There can be a transmitting and receiving antenna. The transmitting antenna transmits electromagnetic signal which travels through skin, breast tissues and fat layers while the receiving antenna receives the scattered waves. The presence of tumor will affect the received signal on receiving antenna, thus it can be detected. [6-7]The scattered signal in the presence of tumor as compared to a normal breast will vary thus detecting the tumor presence. There are many approaches to detect the tumor in literature. The UWB is nowadays of great interest in biomedical applications [8-10]. The UWB antennas should be planar, compact with high radiation efficiency over the whole band. In this paper, a compact UWB antenna is designed, the antenna works for the entire UWB range which is obtained by using a partial ground plane. The designed UWB antennas are placed in a cover that can be worn such that the two UWB antennas are placed on both sides of breast. The transmitting and receiving antennas work in pair, the breast model is designed and it is simulated with antennas on its both sides. The electrical parameters including E field, H field current density and SAR values are simulated. The results are compared with and without tumor and this approach can be used for tumor detection. The variation in results with size and positions of tumor is also discussed.
2. UWB antenna design
The antenna has been designed for UWB frequency range. The substrate used is FR4 having a dielectric constant of 4.4 and height 1.6 mm. The front view of the antenna is as shown in Fig.
1(a). The dimensions in mm are as given in Table 1. The back view is as shown in Fig. 1(b) where there is a partial ground plane to obtain UWB characteristics.
(a) (b)
Fig.1. Front and back view of antenna
Table 1. Dimensions of Antenna (mm)
W1 20 L1 30
W2 9 L2 10.5
W3 2.9 L3 12
Wp 20 Lp 10
The antenna design is simulated and return loss (S11 (dB)) results are plotted with frequency as shown in Fig. 2 It can be observed that S11<-10 dB for the frequency range 3.3 to 10.6 GHz that lies in the Ultra-wide band range and the minimum attenuation is obtained at a frequency of 9.344 GHz in the UWB range.
Fig.2. S11 vs frequency plot
The plot for gain is also simulated with frequency as in Fig. 3, it can be seen that a peak gain of 3.49 dB can be obtained at a frequency of 7.3 GHz in the UWB range.

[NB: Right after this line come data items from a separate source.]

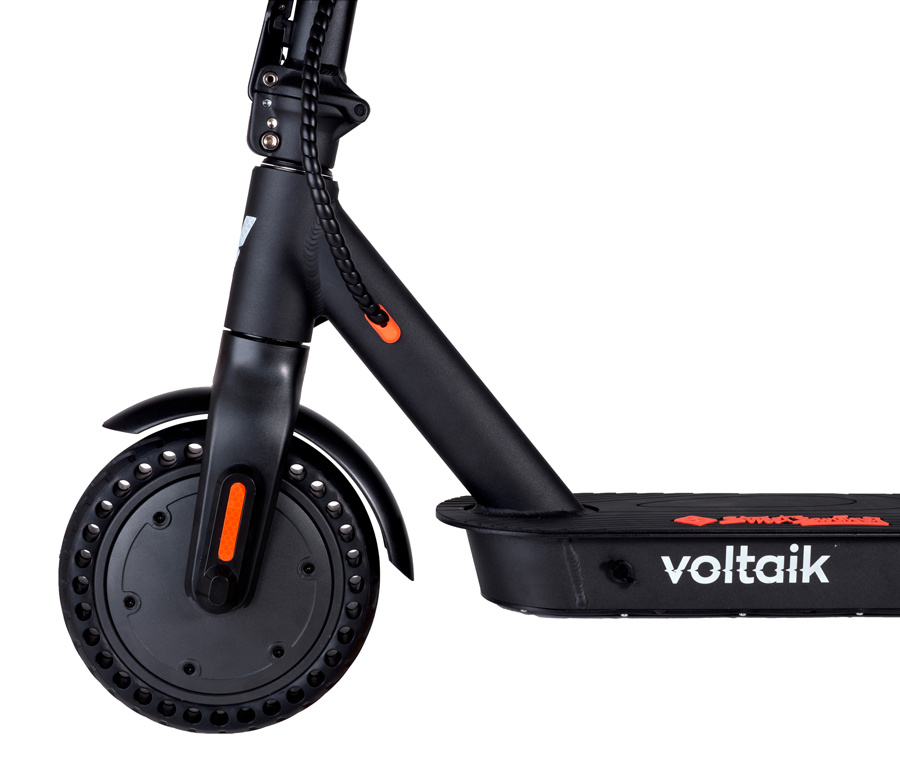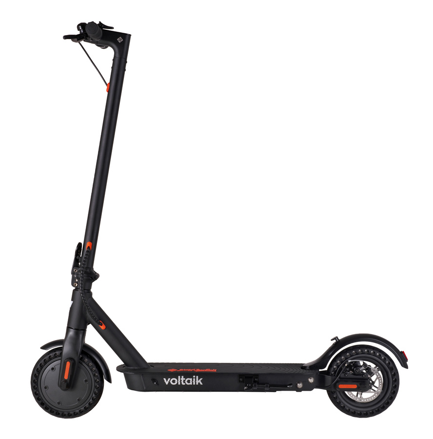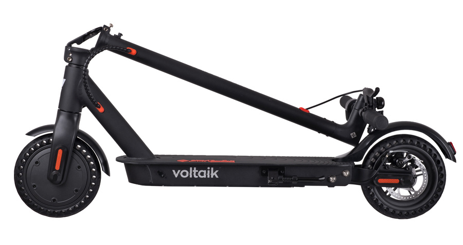 Elektrická koloběžka Voltaik vás úsporně dopraví do práce, do školy, po městě či na výlet. Obě 8,5" plná odpružená kola vás vždy dovezou do cíle bez rizika defektu. Zadní kolo je navíc vybavené dvojitým odpružením a koloběžka Vás tak pohodlně přenese i přes drobné nerovnosti. Díky důmyslnému skládacímu mechanizmemu jí složíte či rozložíte do 2 vteřin a při délce složeného rámu 110 cm a hmotnosti 14 kg jí snadno převezete autem, vlakem, MHD nebo uskladníte doma či v garáži.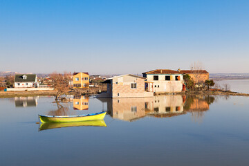 Houses and reflections in the town of Manyas, Bandirma, Turkey.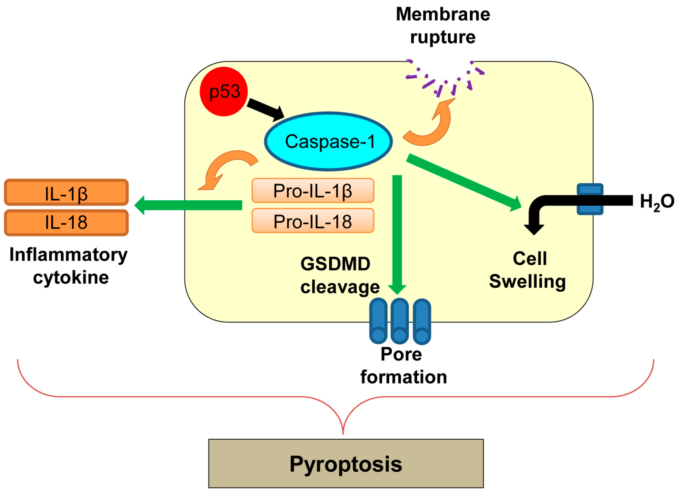 There is no direct evidence showing correlation of p53 with pyroptosis. In addition, Hilbi et al. [148] show that Shigella infection-induced caspase-1-mediated cell death in macrophages is p53-independent. However, p53 transcriptionally upregulates caspase-1 [149]. Further studies are required to determine whether regulation of caspase-1 by p53 could induce pyroptosis in different cellular contexts.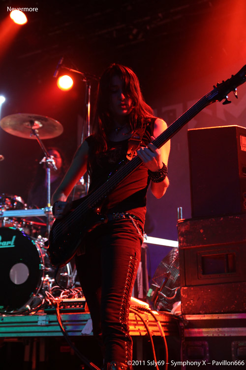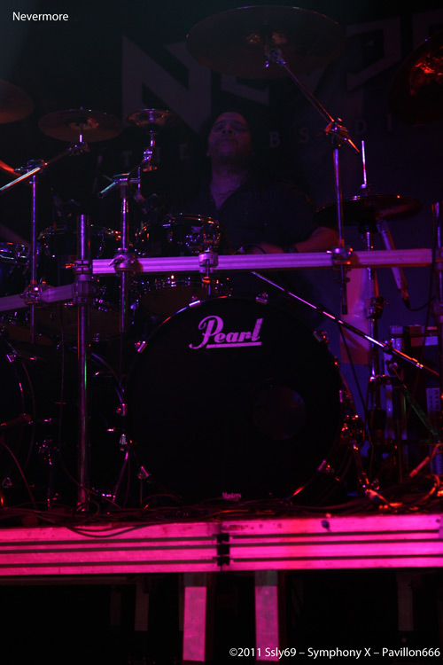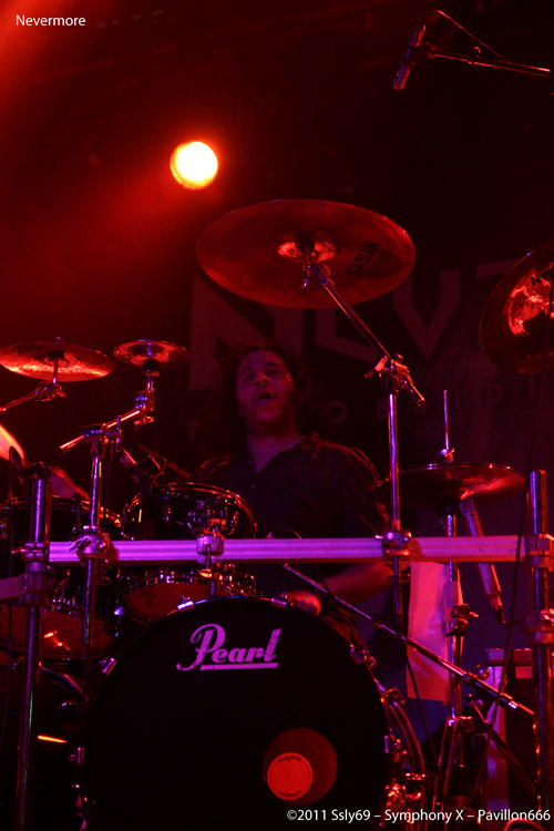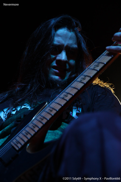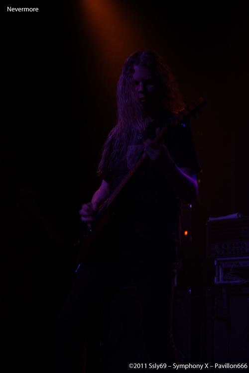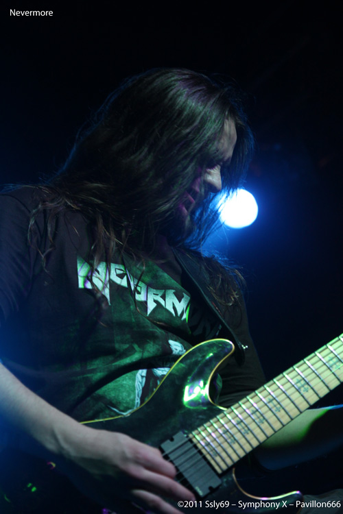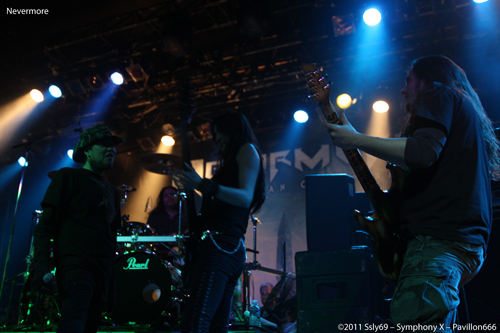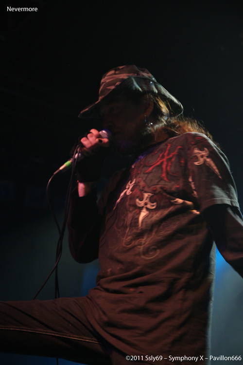 On peut maintenant se préparer à l'essentiel de la soirée, avec l'arrivée de Nevermore, la salle a enfin eu le temps de se remplir (ou presque) et le show peut prendre place. On entame de suite en beauté, et Warren Dale semble en très grande forme, dès le départ il saute dans tous les sens, son chant est vraiment énergique et les autre membre sont tout aussi motivés. "Inside four walls" qui ouvre le set sera joué avec brio et laisse présager présager un show d'excellente qualité. Et les chansons suivantes telles que "Your poison throne" ne font que confirmer ceci. La suite est magnifique, ça déborde d'energie et on ne peut qu'être à fond pendant cet enchainement d'excellents morceaux. La claque est telle qu'on ne peut que se demander comment Symphony X va pouvoir maintenir le niveau. Surtout après la cloture sur "Enemies of reality" qui aura vu monter sur scène un heureux fan qui aura pu s'adonner au plaisir de gueuler dans le micro et de nous montrer ses aptitudes au air guitar alors qu'une bonne partie de la salle l'enviait.

Fig.3 Gain vs Frequency plot
3. Breast model design
A breast model in conical form will be designed and the above designed antenna will be placed on both sides of the breast to detect the presence of tumor. The model is designed in a conical form as shown in Fig. 4. The outer layer is skin, then fat layer, then breast tissue layer. The tumor is taken as a sphere which is placed inside the breast at different positions. The relative permittivity and conductivity of different layers are as shown in Table 2.
Fig.4. Breast model
Table 2. Permittivity and Conductivity of different layers Permittivity(εr) Conductivity(S/m) Skin 38 1.46
Fat 5.28 0.1
Breast
tissue 4.49 0.59
tumor 50 4
4. Breast tumor detection
The designed UWB antennas are placed on both sides of the breast as shown in Fig. 5.The signal is transmitted from one antenna inside the breast and the scattered signal is received at the receiver.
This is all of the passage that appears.